They’re a little later than usual this year because of the cold spring we’ve had, but our first broad beans, picked today, were delicious eaten simply, simmered for four minutes in salted water, drained and served with olive oil, chopped garlic and fresh mint. I ate some of them raw and they were good like that as well since they were so young and tender.
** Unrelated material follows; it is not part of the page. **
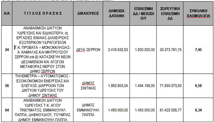 Από την Περιφερειακή Ενότητα Σερρών αξιολογήθηκαν και επιλέχθηκαν οι προτάσεις της ΔΕΥΑ Σερρών, του Δήμου Σιντικής και του Δήμου Εμμανουήλ Παππά.

On the way back from the garden on a detour through the vineyards to the north of the village I saw a pair of hoopoes on the ground among the vines. They’re very difficult to photograph, I’ve found, because they’re very shy. As they flew away I grabbed my camera and did what I could. This was the best of a blurry lot, showing the beautiful markings across the wings:
I don’t make many cakes and puddings, usually preferring fresh fruit for dessert, but sometimes all the ingredients come together to make one irresistible suggestion and this is what happened this morning. I’d bought some very good-value ground almonds (in the supermarket, too, where I don’t usually buy much food) that had been ground with the skins left on them so they looked nicely natural and speckled with dark brown flecks. At the market this morning the fruit grower from Fouzilhon, the tiny village just up the hill from here, was there setting out his punnets of strawberries at half the price of the other market stall and locally grown. And we had some cut pieces of pear that had proved unripe in the fridge. So I made a cake base with 100 grams of flour, 100 grams of ground almonds, 75 grams of sugar, a teaspoon of bicarbonate of soda, two eggs and two tablespoons of olive oil, whizzed up in the food processor and put into a cake tin, then baked for 20 minutes in the oven at 200 C. While it was cooking I poached the peeled slices of pear in white wine and sugar to make a syrup and cut some of the strawberries in half. Once the cake was ready and had cooled a little, I assembled it all and poured over the syrup.